For credit unions and community banks, that means fewer competitors and the chance to fill the mortgage-lending needs of those who once might have gone to a subprime lender, said Blake, who is president and chief executive officer of HarborOne Credit Union in Brockton.

Some 26 percent of current subprime loan-holders in New England have credit scores, loan-to-value ratios and incomes that actually qualify them for prime rate loans, according to a recent Federal Reserve Bank of Boston study.

HarborOne isn’t the only institution interested in helping new borrowers who might once have gone to a subprime lender, or borrowers with subprime loans who are qualified to refinance into a better one. Five large, regional banks recently announced they were putting up $125 million in cooperation with the Federal Reserve Bank-Boston to help subprime borrowers who could face difficulties in the future refinance into more stable loans.

Douglas A. Bowen, president and chief executive officer of PeoplesBank in Holyoke, predicted banks will face “significant headwinds” in 2008, in part because of deepening subprime mortgage fallout.

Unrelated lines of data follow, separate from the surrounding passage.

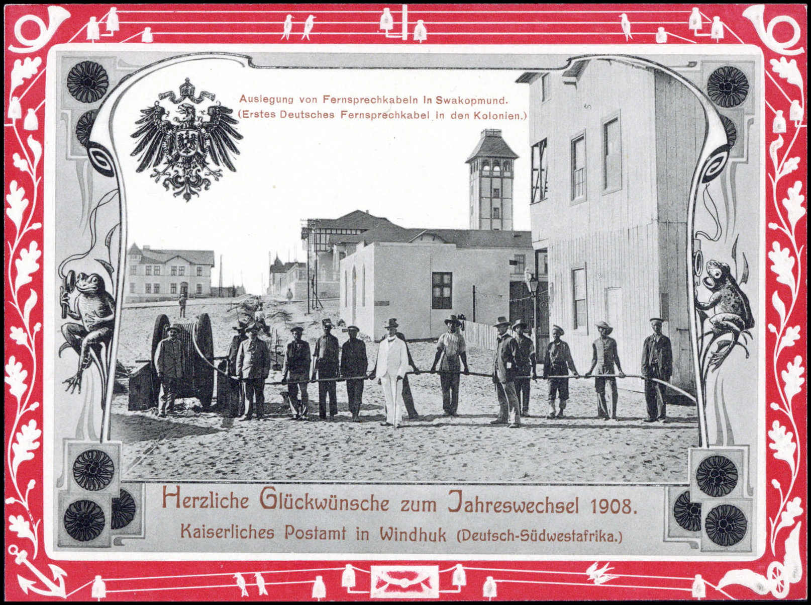 1908, Neujahrs-Glückwunschkarte des Postamts Windhuk mit Foto "Auslegung von Fernsprechkabeln in Swakopmund"
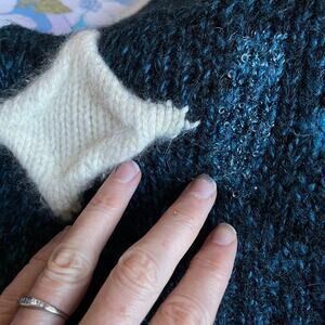 Chunky knit sweater has a very deep V-neck and is made with dark teal, black, metallic teal, and white yarns. Asymmetric pattern with geometric shapes, has great visual and textural elements with the metallic and some 3-D diamond shapes made from Angora.
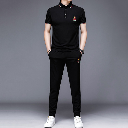 2024 여름 새로운 남성 캐주얼 세트 반팔 크루 넥 티셔츠 얇은 스포츠 바지 투피스 남성 패션
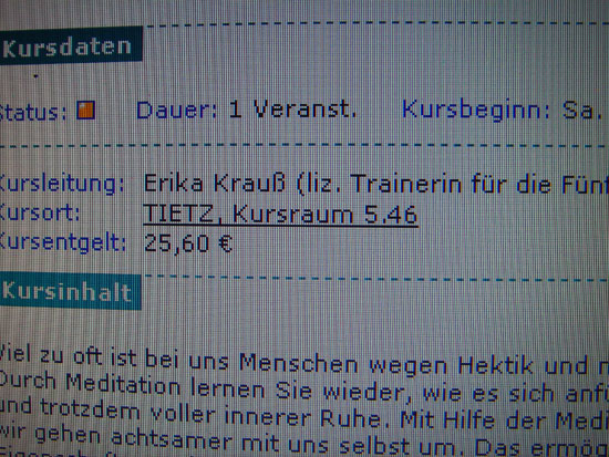 Ich hatte mir ’nen Wecker gestellt, schlef dann aber doch wieder zu lange. Augen auf um 9:40 und Stress. Schnell was gefrühstückt und mit dem Auto in die Stadt. Ich wollte eine Veranstaltung in der Vlkshochschulte „das tietz“ zu Meditationsformen mitmachen. Interessiert mich momentan.
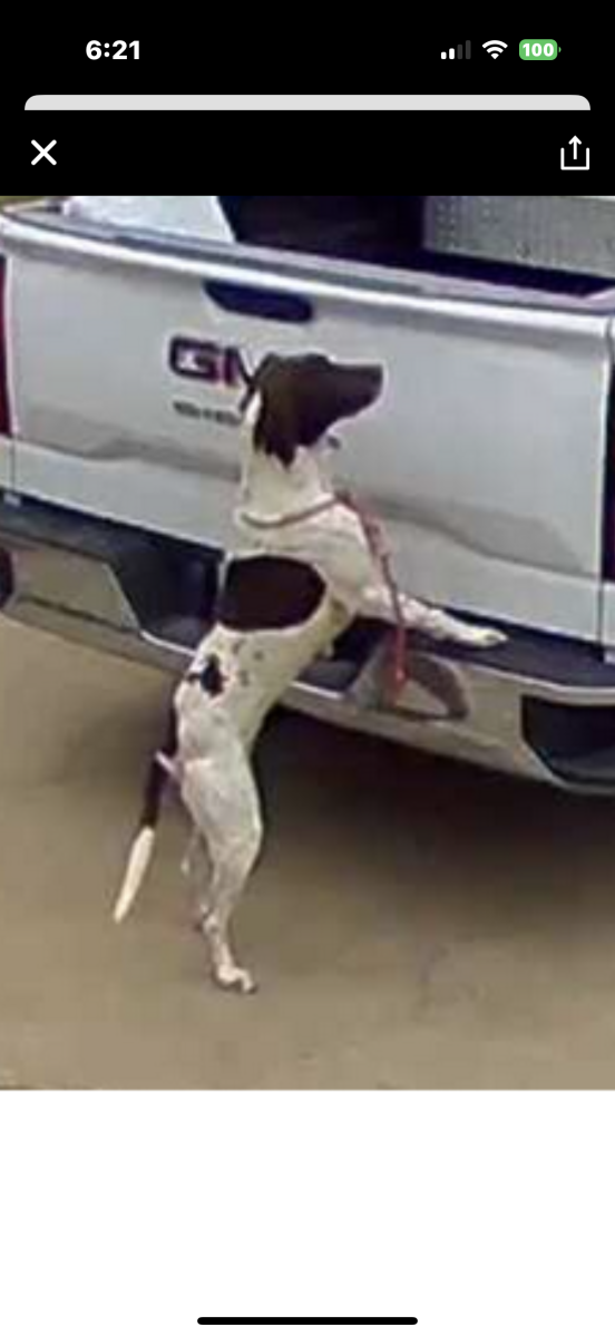 Pet Description:White with brown spots. Brown ears. No collar. Thin. I think she is chipped but will have to check. She is afraid of everything so wants to be in your lap. She is a bird dog and loves to chase cats. My husband was dog sitting her so she is not familiar with our neighborhood. She is not street/car smart. Please help if you can. Thank you. |

Banks will be able to help some former subprime customers into refinance loans, he said, but they can’t help them all.

Organizers of rescue loan programs meant to help delinquent subprime borrowers out of a jam, including one introduced by quasi-state agency MassHousing in September, are finding most cannot afford even conventional loans with lower and more stable interest rates.

Bowen said the subprime loan fallout also is spilling into the U.S. credit card industry, which he said saw a 20 percent increase in delinquent loans in October 2007 compared to the same month a year earlier. Blake said he expects job losses in the housing industry – a result of fewer consumers being able to get mortgage loans these days – will exacerbate the problem.

“You are going to see a migration of delinquency into loan portfolios [other than mortgages],” he predicted, because so many people’s jobs, and incomes, have been tied to the mortgage industry.

Massachusetts Bankers Association Senior Vice President for Government Affairs and Trust Services David Floreen said while he’s looking forward to a year that’s a bit lighter than last – since 2008 marks the second year of the state’s two-year legislative cycle – the coming year could still bring surprises.

Floreen said experience has taught him that every year, one or two things turn up that consume lots of attention but never could have been predicted earlier.

This year’s example was TJX Cos., he said, referring to the national retailer’s consumer data hacker disaster that sparked several lawsuits, including one the Massachusetts Bankers Association settled in December.

MBA hopes to push forward a couple of bills that will help “enhance” Bay State financial institutions’ trust departments in the coming year, Floreen said, making the business climate for their operations more friendly.

“The whole investment services industry and wealth management is a really big piece of the financial services community in Boston,” he said.